Первый рабочий, прощаясь и подтягивал на дорогу свои подвязанные веревочкой штаны, успокоительно сказал:

— Ну, ни черта. Мы им кишки выпустим.

Я от неожиданности задал явственно глуповатый вопрос: кому это им?

— Ну, уж кому, это и вы знаете, и мы знаем.

Повернулся, подошел к двери, снова повернулся ко мне и показал на свои рваные штаны.

— А вы это видали?

Я не нашел, что ответить. Я и не такие штаны видал. Да и мои собственные были ничуть не лучше.

— Так вот, значит, в семнадцатом году, когда товарищи про все это разорялись, вот, думаю, будет рабочая власть, так будет у меня и костюмчик и все такое. А вот с того времени, как были эти штаны, так одни и остались. Одного прибавилось — дыр. И во всем так. Хозяева! Управители! Нет уж, мы им кишки выпустим.

Насчет кишок пока что не вышло. Сумрачный рабочий оказался пророком: пошли действительно далеко, гораздо дальше, чем в те годы мог кто бы то ни было предполагать.

Кто же был типичен для рабочего класса? Те, кто грабил буржуйские квартиры или те, кто помогал мне грузить мешки? Донбассовские рабочие, которые шли против добровольцев, подпираемые сзади латышско-китайско-венгерскими пулеметчиками, или ижевские рабочие, сформировавшиеся в ударные колчаковские полки?

Прошло много, очень много лет. Потом были “углубления революции”, “ликвидация кулака, как класса, на базе сплошной коллективизации деревни”, голод на заводах и в деревнях, пять миллионов людей в концлагерях, ни на один день не прекращающаяся работа подвалов ВЧК-ГПУ-НКВД.

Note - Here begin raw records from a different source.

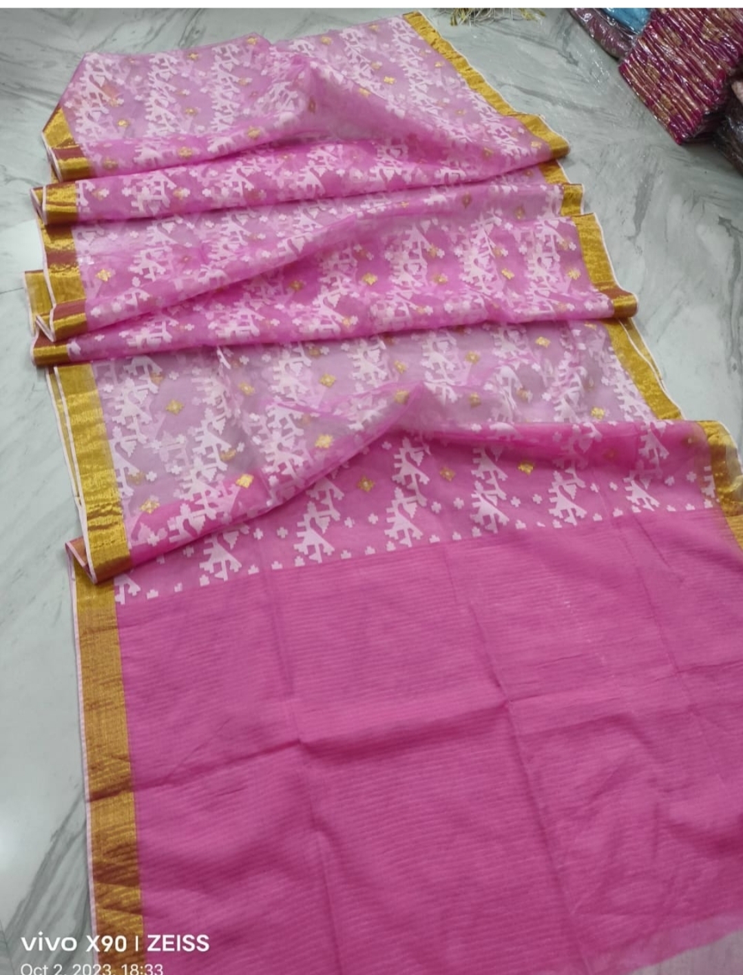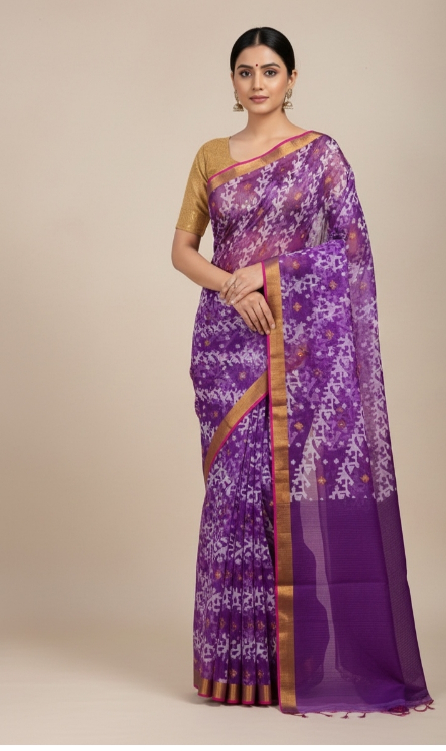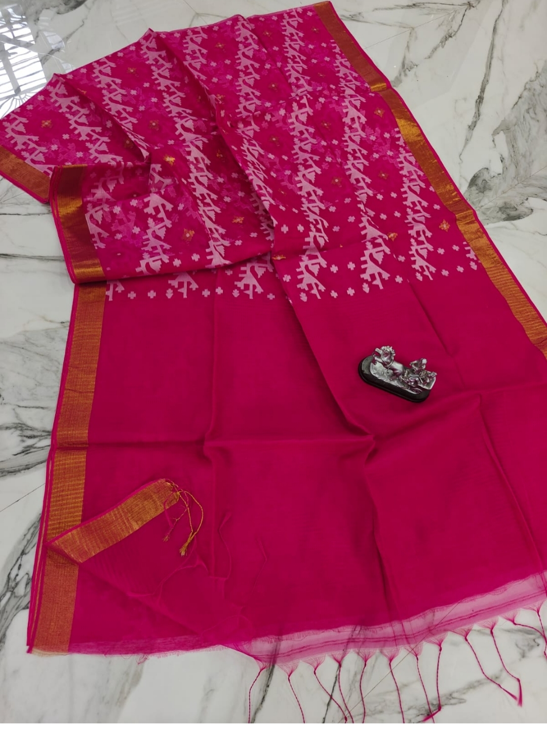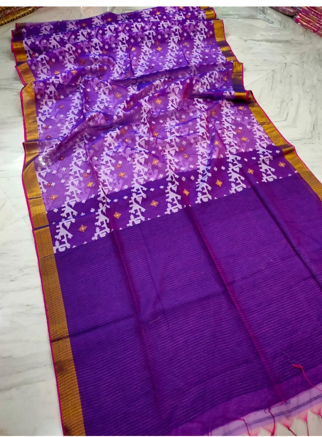 Maslin Jamdani Saree – A stunning vibrant Purple saree crafted in soft Maslin fabric, beautifully adorned with intricate white Jamdani woven motifs running across the body. The saree is highlighted with a rich golden zari border that adds a touch of traditional elegance. Finished with delicate tassels at the pallu, this saree blends classic craftsmanship with a graceful, festive appeal, perfect for special occasions and celebrations.
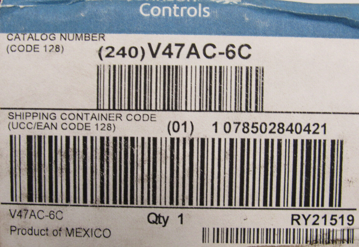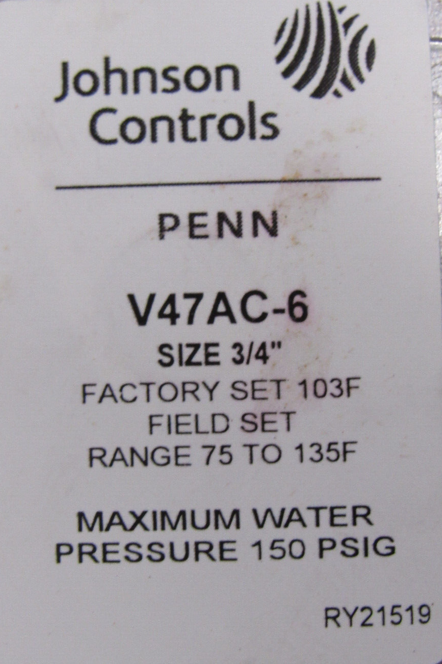 NEW JOHNSON CONTROLS V47AC-6C TEMPERATURE REGULATOR 3/4" 75-135F V47AC6C
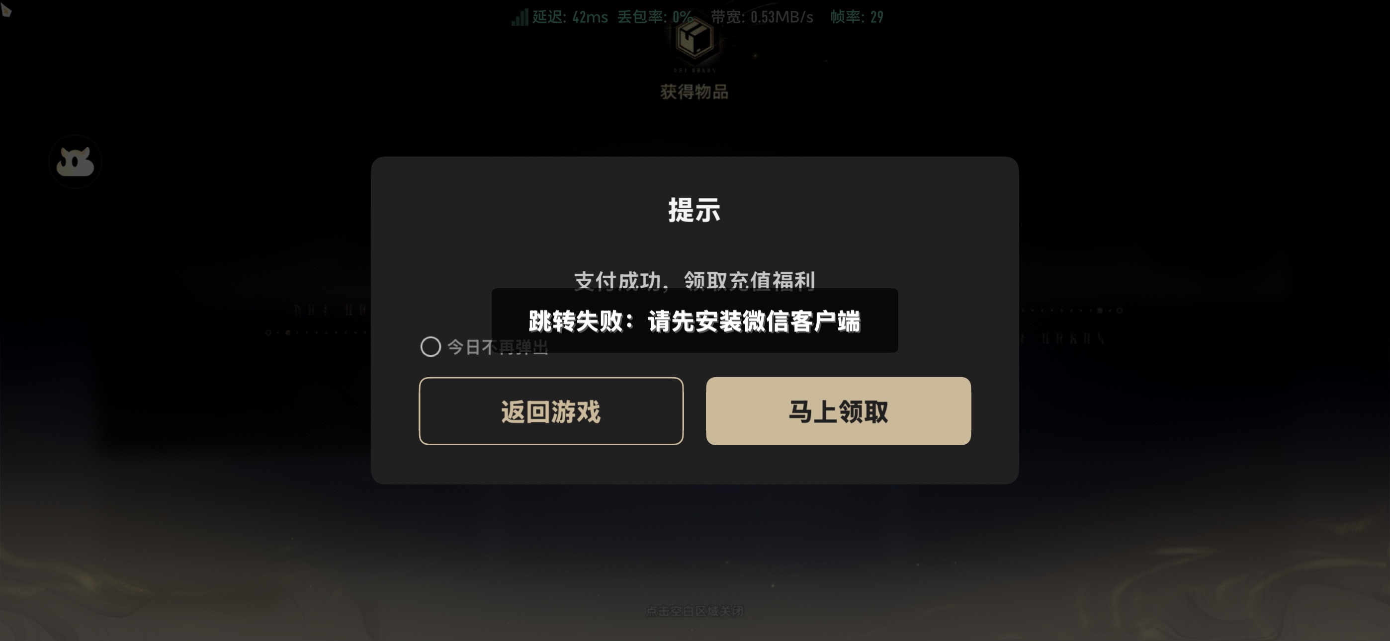 我充值后面就弹了这个框,我用云游戏玩的,现在都不知道在哪里领奖励

За эти путанные и трагические годы я работал грузчиком, рыбаком, кооператором, чернорабочим, работником социального страхования, профработником и, наконец, журналистом. В порядке ознакомления читателей с источниками моей информации о рабочем классе России, а также и об источниках пропитания этого рабочего класса, мне хотелось бы сделать маленькое отступление на аксаковскую тему о рыбной ловле удочкой. В нынешней советской жизни это не только тихий спорт, на одном конце которого помещается червяк, а на другом дурак. Это способ пропитания. Это один, только один из многих ответов на вопрос: как же это, при том способе хозяйствования, какой ведется в советской России, пролетарская и не пролетарская Русь не окончательно вымирает от голода. Спасают в частности просторы. В странах, где этих просторов нет, революция обойдется дороже.

Я знаю инженеров, бросивших свою профессию для рыбной ловли, сбора грибов и ягод. Рыбной ловлей, при всей моей бесталанности в этом направлении, не раз пропитывался и я. Так вот. Бесчисленные таборы рабочих и использующих свой выходной день и тех, кто добывает пропитание свое в порядке прогулов, “лодырничанья” и “летучести”, бродят по изобильным берегам российских озер, прудов, рек и речушек. Около крупных центров, в частности под Москвой, эти берега усеяны “куренями” — земляночки, прикрытые сверху хворостом, еловыми лапками и мхом. Там ночуют пролетарские рыбаки, или в ожидании клева отсиживаются от непогоды.

...Берег Учи. Под Москвой. Последняя полоска заката уже догорела. Последняя удочка уже свернута. У ближайшего куреня собирается компания соседствующих удельщиков. Зажигается костер, ставится уха. Из одного мешка вынимается одна поллитровочка, из другого — другая. Спать до утренней зари не стоит. Потрескивает костер, побулькивают поллитровочки, изголодавшиеся за неделю желудки наполняются пищей и теплом. И вот, у этих-то костров начинаются самые стоящие разговоры с пролетариатом. Хорошие разговоры! Никакой мистики. Никаких вечных в опросов. Никаких потусторонних тем. Простой хороший здравый смысл. Или в английском переводе common sense, проверенный веками лучшего в мире государственного и общественного устройства. Революция, интеллигенция, партия, промфинплан, цех, инженеры, прорывы, быт, война и прочее встают в таком виде, о каком и не заикается советская печать и в таких формулировках, какие не приняты ни в одной печати мира.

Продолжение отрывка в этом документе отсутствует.